= Difference density map =

In X-ray crystallography, a difference density map or Fo–Fc map shows the spatial distribution of the difference between the measured electron density of the crystal and the electron density explained by the current model.

A way to compute this map has been formulated for cryo-EM.

==Display==
Conventionally, they are displayed as isosurfaces with positive density—electron density where there's nothing in the model, usually corresponding to some constituent of the crystal that hasn't been modelled, for example a ligand or a crystallisation adjutant -- in green, and negative density—parts of the model not backed up by electron density, indicating either that an atom has been disordered by radiation damage or that it is modelled in the wrong place—in red.

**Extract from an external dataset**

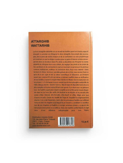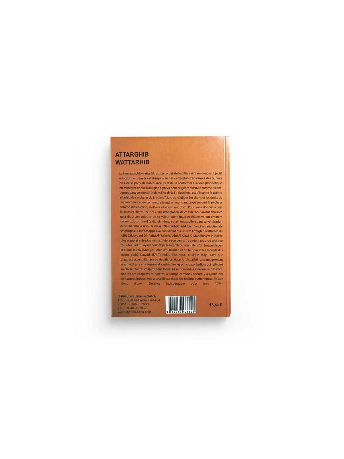 Le livre attarghib wattarhib est un recueil de hadiths ayant un double objectif éducatif. Le premier est d'inspirer le désir attarghîb d'accomplir des œuvres pies, de se parer de nobles mœurs et de se conformer à la voie prophétique en montrant ce que la religion a prévu pour ce genre d'œuvre comme récompenses dans ce monde et dans l'Au-delà. Le deuxième est d'inspirer la crainte attarhîb de s'éloigner de la voie d'Allah, de négliger Ses droits et les droits de Ses serviteurs et de commettre le mal en montrant ce qu'encourt le pécheur comme malédiction, malheur et châtiment divin. Pour vous donner chers lecteurs et chères lectrices une idée globale de ce livre , nous avons choisi ce qu'a dit à son sujet et de sa valeur scientifique et éducative, un éminent savant qui comme il l'a dit lui-même, a vraiment souffert dans sa vérification de ses hadîths à savoir le shaykh Nasir Ad-Din Al-Albani. Voici la traduction de ses propos: "Il n'échappe à aucun savant que le livre attarghîb wattarhîb du Hafiz Zakiyyu Ad-Din 'Abd Al-Azim b. 'Abd Al-Qawî Al-Mundhirî est le livre le plus complet et le plus instructifs dans son genre. Il y a réuni tous ou presque tous les hadîths ayant pour objet le targhib ou le tarhîb qu'on trouve dispersés dans les six livres [ les sahih Al-Bukhari et de Muslim et les recueils dits sunan d'Abu Dawûd, d'At-Tirmidhi, d'An-Nasa'i et d'Ibn Maja] ainsi que d'autres recueils. L'imam du Hadith Ibn Hajar Al-'Asqâlani l'a soigneusement résumé. Il en a cité l'essentiel, c'est-à-dire les principaux hadiths qui reflètent mieux le titre du chapitre sous lequel ils se trouvent, a amélioré la classification de ses chapitres et hadiths, a corrigé certaines erreurs, y ajouté des remarques instructives et a veillé au choix des hadiths authentiques. Il s'agit donc d'une référence indispensable pour tous foyers.
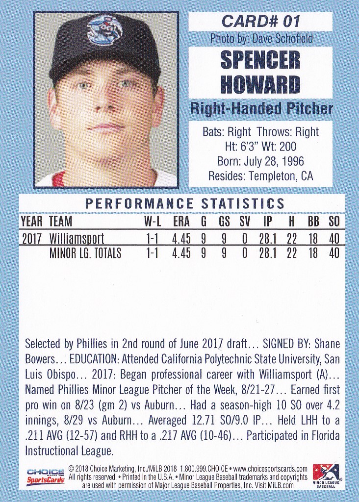 2018 Wilmington BlueClaws #1 Spencer Howard [b]

The typical contouring (display threshold) is set at 3σ.

==Calculation==
Difference density maps are usually calculated using Fourier coefficients which are the differences between the observed structure factor amplitudes from the X-ray diffraction experiment and the calculated structure factor amplitudes from the current model, using the phase from the model for both terms (since no phases are available for the observed data). The two sets of structure factors must be on the same scale.

 $C_{diffmap} = (|F_{obs}| - |F_{calc}| ) exp( 2\pi i \phi_{calc} )$

It is now normal to also include maximum-likelihood weighting terms which take into account the estimated errors in the current model:

$C_{diffmap} = ( m |F_{obs}| - D |F_{calc}| ) exp( 2\pi i \phi_{calc} )$

where m is a figure of merit which is an estimate of the cosine of the error in the phase, and D is a "σ_{A}" scale factor. These coefficients are derived from the gradient of the likelihood function of the observed structure factors on the basis of the current model. A difference map built with m and D is known as a mFo – DFc map.

The use of ML weighting reduces model bias (due to using the model's phase) in the 2 Fo–Fc map, which is the main estimate of the true density. However, it does not fully eliminate such bias.